It would be a stretch to suggest that survival of our kind is really a serious consideration for spending billions on missions to Mars, of which there were fully three in July — one each from China and the United Arab Emirates in addition to NASA’s. The American mission is by far the most sophisticated: The rover, named Perseverance, which will reach Mars sometime in February, will study a former lake bed and assemble a pile of rock samples for a future mission to bring back in search of any evidence that there may once have been life on the Red Planet. More immediately exciting is the helicopter piggybacked on the rover, which, if it works, will make the first powered flight on another planet.
The Stonehenge news may not be on the same order of scientific gee-whiz, nor anywhere near as costly, but efforts to solve the enigma of that cluster of giant stones raised in southern England by a prehistoric people are far older than efforts to colonize Mars, so resolving something as elemental as where the megaliths came from amounted to a grand achievement. How it was determined, moreover, involves that combination of luck, science and old-fashioned detective work that makes for a great mystery story: The chance return of a cylindrical chunk cut out of one of the massive rocks 60 years ago enabled geologists to finally narrow the source of the megaliths to a site 15 miles north of Stonehenge.
That doesn’t really do much to answer the big question — why druids created the ring on a field there — but it will lead to the actual quarries and perhaps to an explanation on how our ancestors dressed and moved 20-ton sandstone blocks before they invented the wheel. For hundreds of years, the leading explanation was the one offered by a 12th-century Welsh cleric who declared that Merlin the wizard persuaded his king to send 15,000 men — other variants had Merlin assign the task to the Devil — to bring a mighty stone construction from Ireland to build a proper burial ground for his warriors. On the cemetery for the elite he was probably right. Other modern theories suggest Stonehenge was designed as a sacred place of healing, or music, or observations of the sun, or all the above.
Does it matter? Archaeologists are likely to have a prepared script along the lines of forgetting history and repeating the past, or getting right what the winners who write history got wrong. Space scientists will have their own set of justifications for the astronomical costs of their projects (the Perseverance mission went way over its $1.5 billion budget, and that was before the helicopter was thrown in), which usually focus on scientific discovery, technological spinoffs, potential economic benefit and national security.

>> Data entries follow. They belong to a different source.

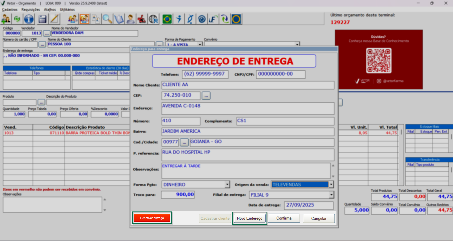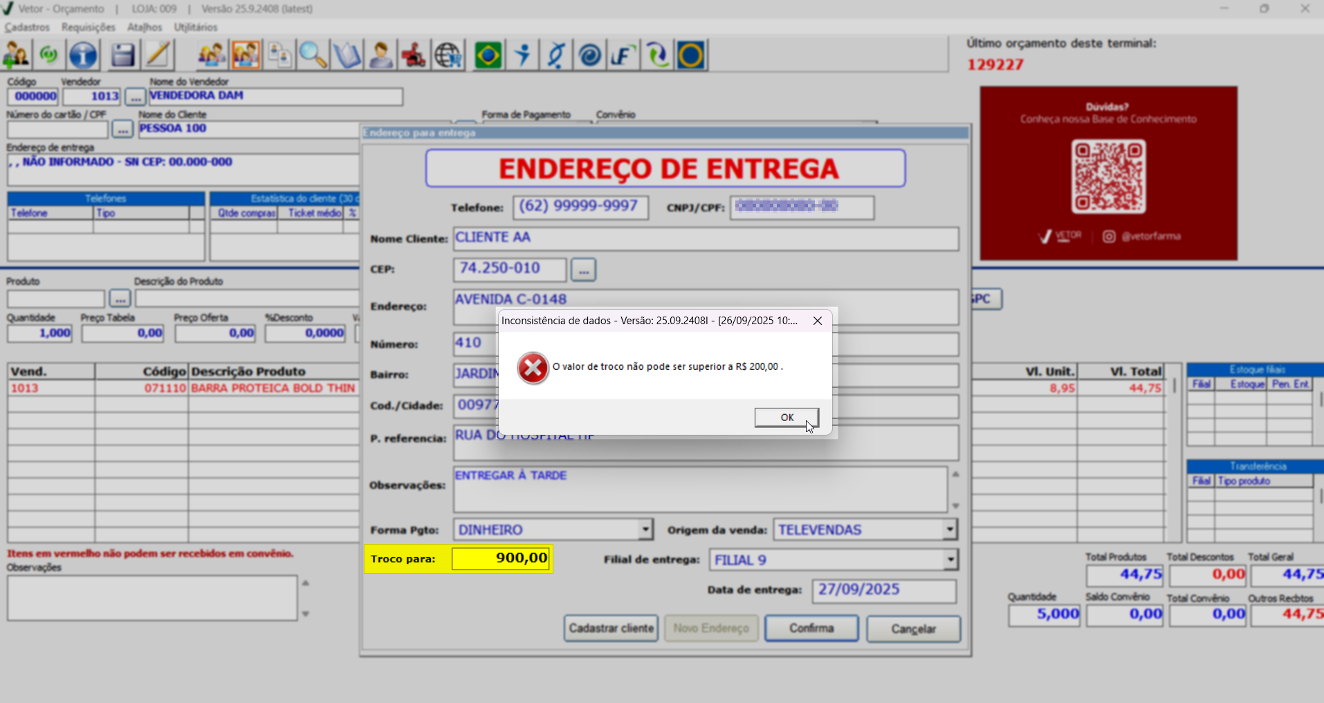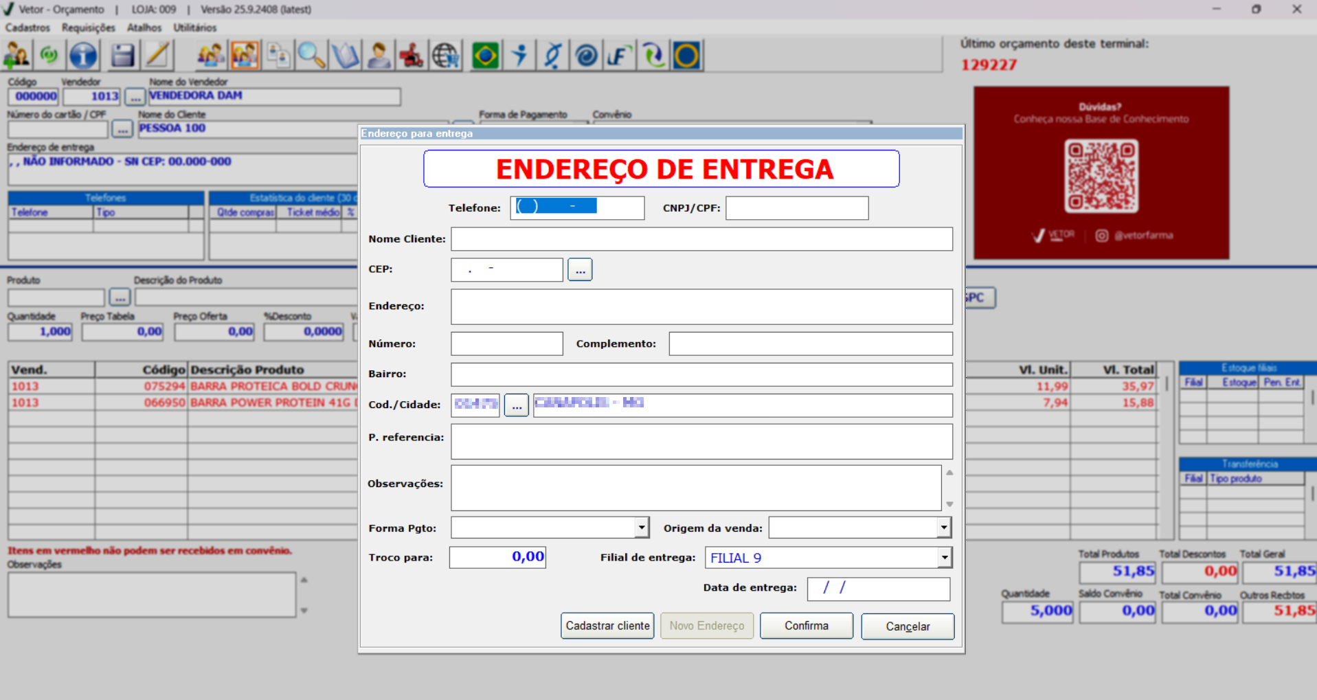 Contudo, é importante lembrar que, caso o cliente esteja cadastrado, mas não possua um CPF válido em seu cadastro, será necessário verificar a configuração do parâmetro adicional OBRIGA_PREENCHIMENTO_CPF_TELEVENDAS. Se esse parâmetro estiver habilitado para exigir CPF válido no orçamento com entrega, e o campo não estiver preenchido corretamente, não será possível confirmar o endereço de entrega, ao tentar confirmar, o sistema exibirá uma advertência.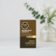 A brown shade column design is demarcated by a faux gold tab near the centre of the card.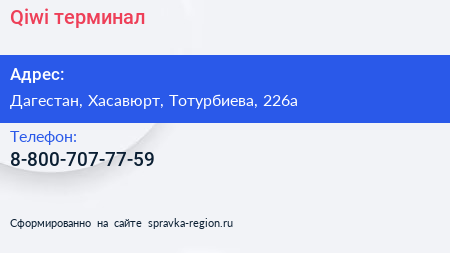 Qiwi, терминал по адресу Дагестан, Хасавюрт, Тотурбиева, 226а в дальнейшем Организация, размещена в следующих категориях:

But press a bit harder, and the logical justifications tend to give way to variations on “because it’s there.” The former NASA administrator Michael Griffin suggested that things like space exploration are motivated by elemental human traits like competitiveness, curiosity and a longing to leave behind something worthy and good. In a similar vein, one archaeologist proposed that archaeology is important for the same reason that art, literature, philosophy and history are important, because people have a basic need to know where we came from. More simply, she wrote, it’s important “because we feel it is.”